U.S. Federal Reserve Board Chair Janet Yellen testifies at the House Financial Services Committee in Washington, Wednesday.
BY MARTIN CRUTSINGER
The Associated Press
WASHINGTON – The widening fallout from global economic woes may compel the Federal Reserve to slow the pace of future rate hikes, but it doesn’t see any immediate need to reverse course and lower rates, Chair Janet Yellen told lawmakers Wednesday.
In her semiannual report to Congress, Yellen flagged China’s weaker currency and economic outlook, which is rattling financial markets around the world. She also expressed concerns that rising borrowing rates and a strong dollar could weigh on U.S. growth and hiring, a reflection of this year’s turmoil in financial markets. Yet she also noted that strong hiring at the end of last year and signs of better wage growth could offset those drags.

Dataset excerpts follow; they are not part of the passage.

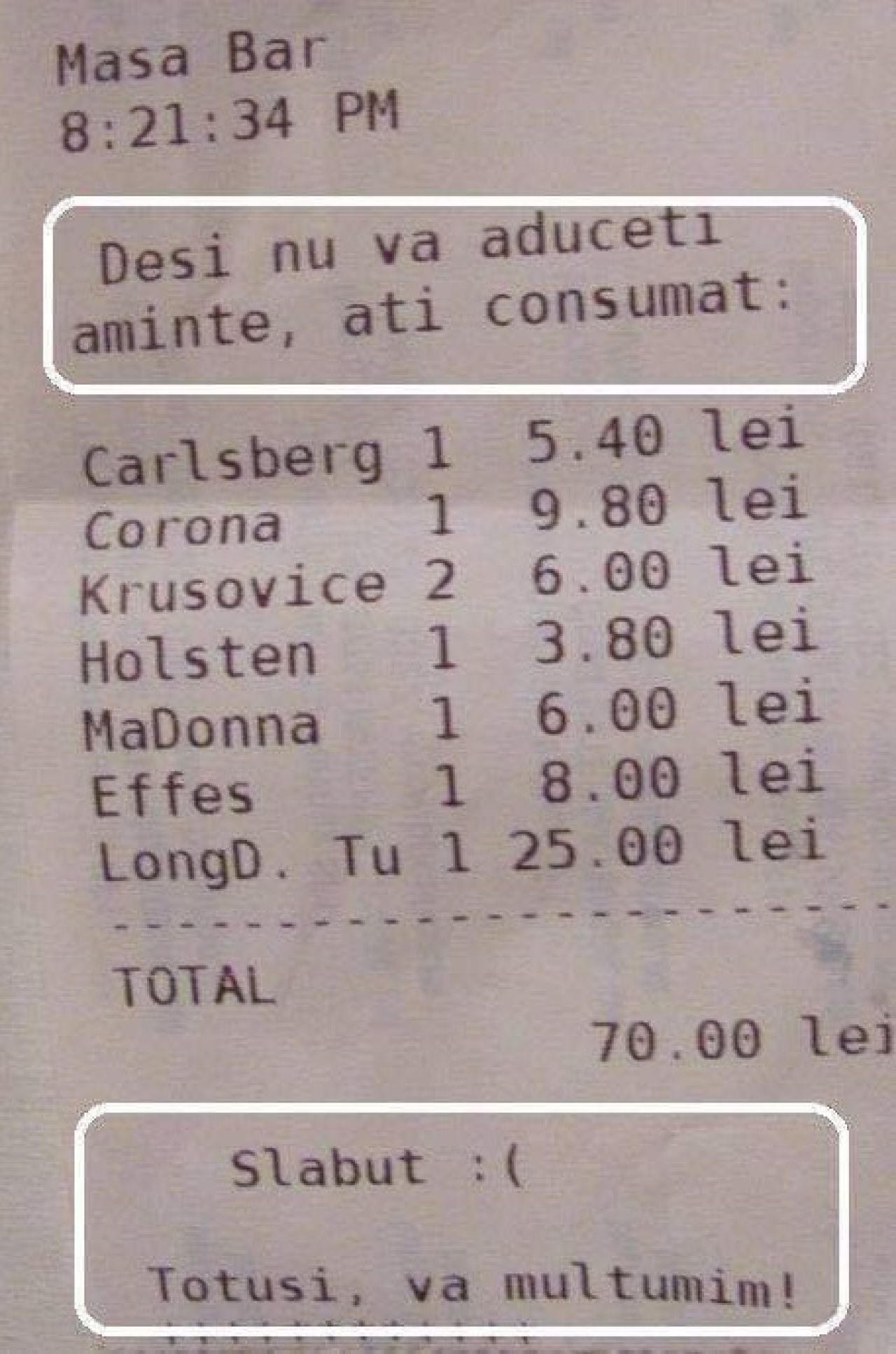 Pe un alt bon, apare mesajul: „Deși nu vă aduceți aminte, ați consumat...”. „Slăbuț.”
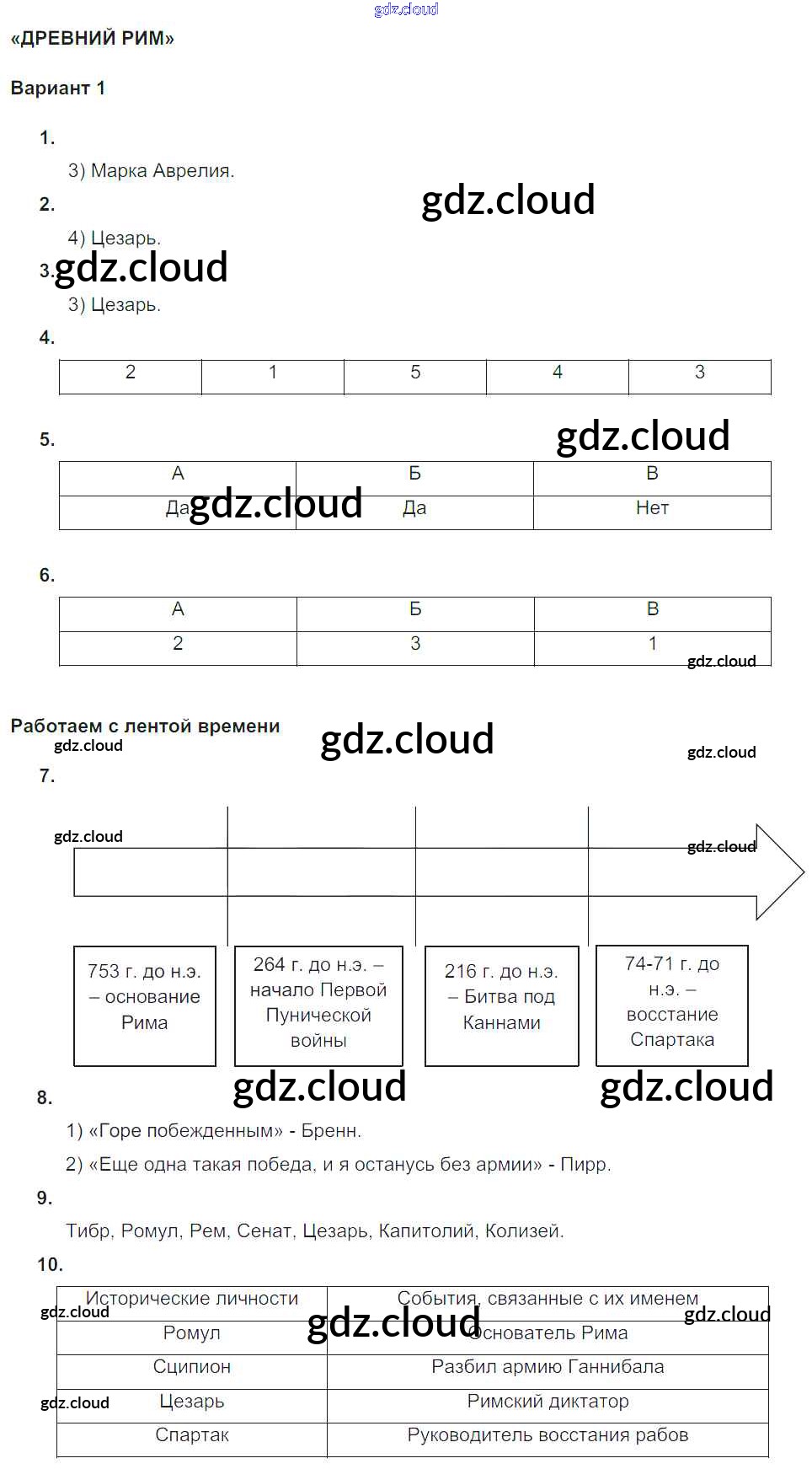 КР-1. Древний Рим Ответы к Контрольным работам по Истории 5 класс Тематический контроль Саплина Национальное образование
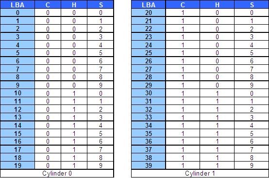 Conversion between CHS to LBA

The Fed still expects to raise interest rates gradually, but it is not on any preset course, Yellen said. It would likely move slower “if the economy were to disappoint.”
Asked if the Fed might consider a rate cut if the economy did falter, Yellen ruled out the need for such a move right now.

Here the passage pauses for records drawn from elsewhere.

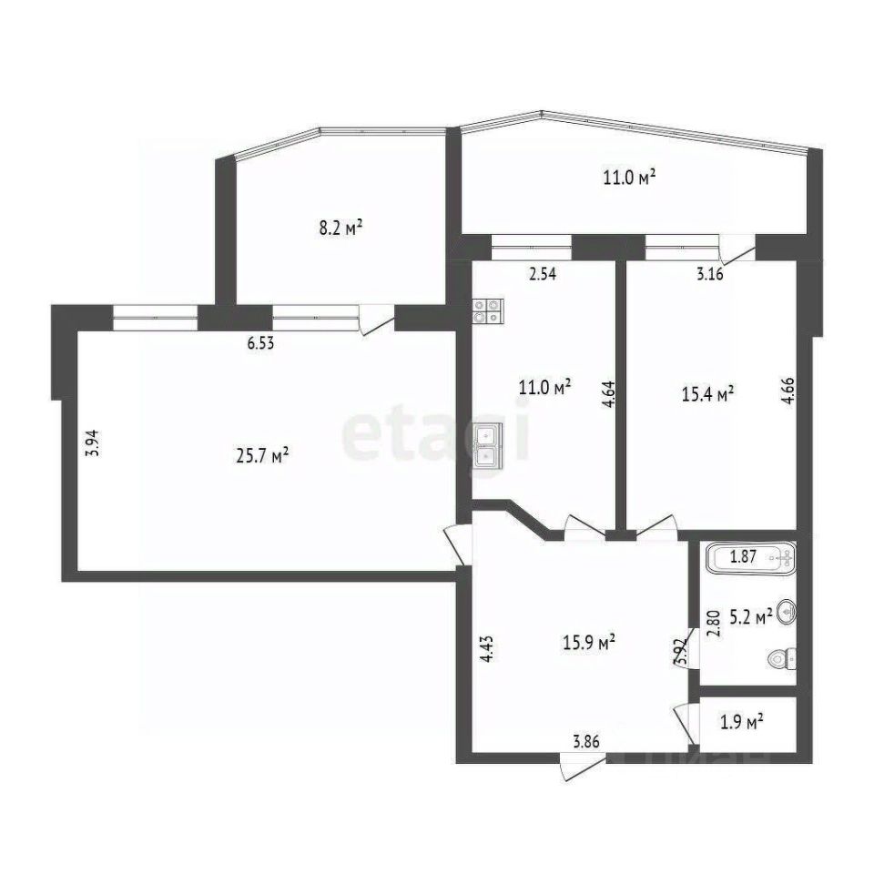 - 2 комнаты: зал с 2 окнами площадью 25 кв.м и спальня 15 кв. м; кухня - 11 кв. м, 2 лоджии (8 и 11 кв. м), одна утеплена и может быть использована как кабинет или хозбыт комната.
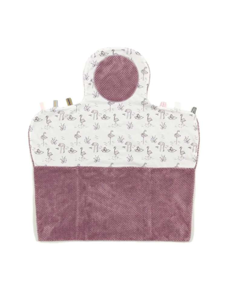 Snoozebaby skifteunderlag er dejlig blødt med forskellige farverige labels rundt i kanten som er lige til at lege med. Der er en lille ekstra pude til barnets hoved så barnet altid ligger behageligt.
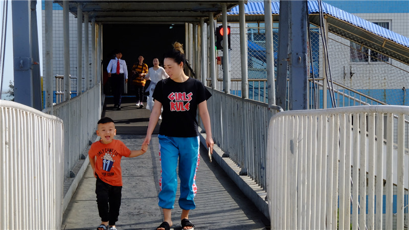 【工作人员耐心提醒、维持秩序】船舱内,乘务员耐心提醒乘客上扶梯“请小心脚下”;船舱口外,工作人员引导登船的人和车分流,维持秩序。(见习记者朱晓欣)
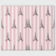 Papel De Presente Listras rosadas tema torre Eiffel Paris
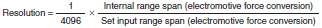 | Resolution | 1/4,096 (of internal range full span) As shown in the following equation, the resolution depends on the ratio of the internal range span to the set input range span. ![]() | ||

“If it turned out to be necessary, (Fed policymakers) would do what is necessary to achieve the goals Congress has set for us,” Yellen said.
Yellen’s testimony marked her first public comments since December, when the Fed raised rates for the first time in nearly a decade. She offered no major surprises and reiterated the Fed’s confidence that the U.S. economy was on track for stronger growth and a rebound in inflation. At the same time, she acknowledged the weaker economic data reported since the start of the year and made it clear the Fed is nervous about the greater risks from abroad. Her remarks stand in contrast to the Fed’s statement eight weeks ago when it described economic risks as “balanced.”
After the Fed began raising rates at its December meeting, economists widely expected the central bank to continue to boost its benchmark rate gradually but steadily, most likely starting in March. But private economists have trimmed their expectation for four quarter-point hikes this year down to perhaps only two, with the first hike not occurring until June at the earliest
Her testimony Wednesday included her most extensive comments on the situation in China. The data so far does not suggest that the world’s second largest economy is undergoing a sharp slowdown, Yellen said. But she added that recent declines in the country’s currency have intensified concerns about China’s future economic prospects.
“This uncertainty led to increased volatility in global financial markets and, against the background of persistent weakness abroad, exacerbated concerns about the outlook for global growth,” Yellen said.
U.S. growth, as measured by the gross domestic product, slowed sharply in the fourth quarter of 2015, dropping to a meager rate of 0.7 percent. Yellen attributed the result to weakness in business stockpiling and export sales. But she noted that economy is being fueled by other sectors including home building and auto sales.
Yellen said that the sharp declines in U.S. stock prices, rising interest rates for riskier borrowers and further strength in the dollar had translated into financial conditions that are “less supportive of growth.”
“These developments, if they prove persistent, could weigh on the outlook for economic activity and the labor market,” she said.
Yellen said that the U.S. labor market remains solid, creating 150,000 jobs in January. That was enough to push the unemployment rate down to 4.9 percent.
Inflation, however, has continued to fall below the Fed’s target of 2 percent annual price increases. The shortfall has been steeper recently because of the renewed drop in oil prices and stronger dollar, which holds down U.S. inflation by making foreign goods cheaper for U.S. consumers.